▶ [WORK ITEM]: No line before the one holding "An avocado and" is to be copied; that line and all after it, through the end of the listing, are returned exactly, minus pictures.

*** DATA EXTRACT Section Begins ***

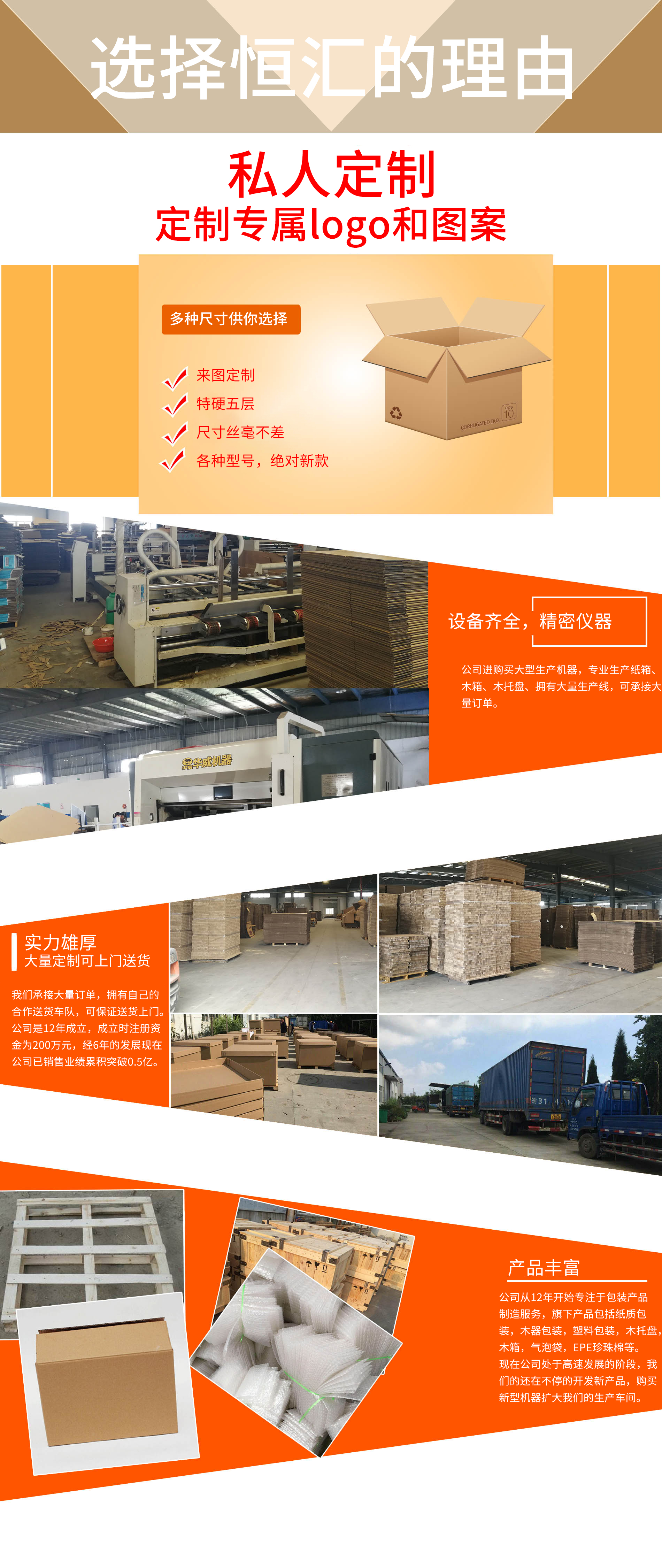 蕪湖恒匯包裝有限公司于2012年4月12日成立,公司地址現(xiàn)位于蕪湖市經(jīng)濟(jì)開發(fā)區(qū)泰山路26號( 蕪湖鄭明物流院內(nèi)),本公司主要生產(chǎn)紙質(zhì)包裝、木器包裝、塑料包裝( EPE珍珠棉、氣泡袋、平口袋)等包裝產(chǎn)品,我司擁有完整科學(xué)的質(zhì)量管理體系。本公司自成立后堅(jiān)持以“信任從品質(zhì)開始"的理念與很多客戶進(jìn)行友好業(yè)務(wù)往來,業(yè)務(wù)逐年增長,為了擴(kuò)大規(guī)模再生產(chǎn),本公司又于2019年12月注冊蕪湖金淮商貿(mào)有限公司,兩家公司以互聯(lián)網(wǎng)+實(shí)體模式共同發(fā)展,爭取到2022年銷售業(yè)績突破2億元,公司將實(shí)行資源整合統(tǒng)一管理模式,將一如既往堅(jiān)持‘務(wù)實(shí)創(chuàng)新,團(tuán)結(jié)奮進(jìn),精益求精’的企業(yè)精神和'質(zhì)量為先,客戶至上’的經(jīng)營宗旨,不斷完善服務(wù)體系,以社會化的服務(wù)精神,真誠為廣“大客戶提供完善的服務(wù),以熱情的銷售,全程陪同,及時(shí)熟知您的需求,量身定制,為您節(jié)省成本,節(jié)約能耗,為您企業(yè)發(fā)展插上騰飛的翅膀。讓我們成為客戶的同時(shí),永遠(yuǎn)成為朋友。蕪湖恒匯包裝有限公司...
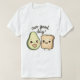 An avocado and toast dance together, grinning with wonky hand-drawn features. Imperfect art adds to that friendly vibe.
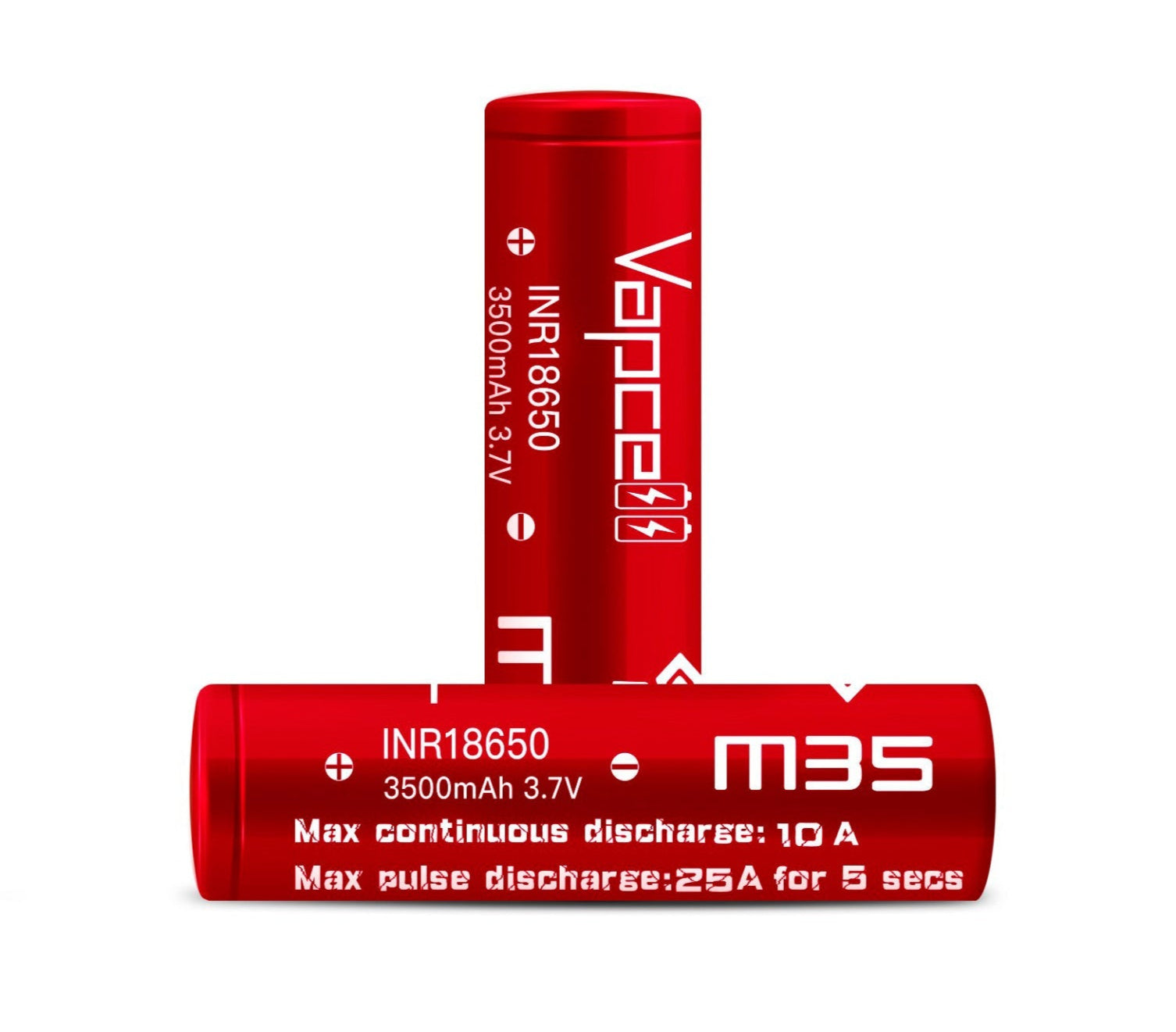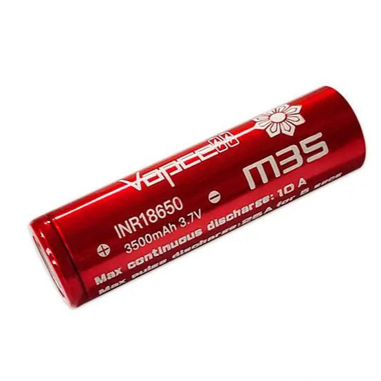 The Vapcell M35 18650 Flat Top Battery is a high-performance lithium-ion rechargeable power cell, designed for long-lasting energy delivery and reliable performance. With a 3500mAh capacity and a continuous discharge rate of 10, AMax Pulse Discharge: 25A (5 Seconds), this battery is an excellent choice for moderate-to-high-drain applications, offering stable output and extended runtime.

*** DATA EXTRACT Section Ends ***

▶ [FINISHED EXERCISE]:
 An avocado and toast dance together, grinning with wonky hand-drawn features. Imperfect art adds to that friendly vibe.
 The Vapcell M35 18650 Flat Top Battery is a high-performance lithium-ion rechargeable power cell, designed for long-lasting energy delivery and reliable performance. With a 3500mAh capacity and a continuous discharge rate of 10, AMax Pulse Discharge: 25A (5 Seconds), this battery is an excellent choice for moderate-to-high-drain applications, offering stable output and extended runtime.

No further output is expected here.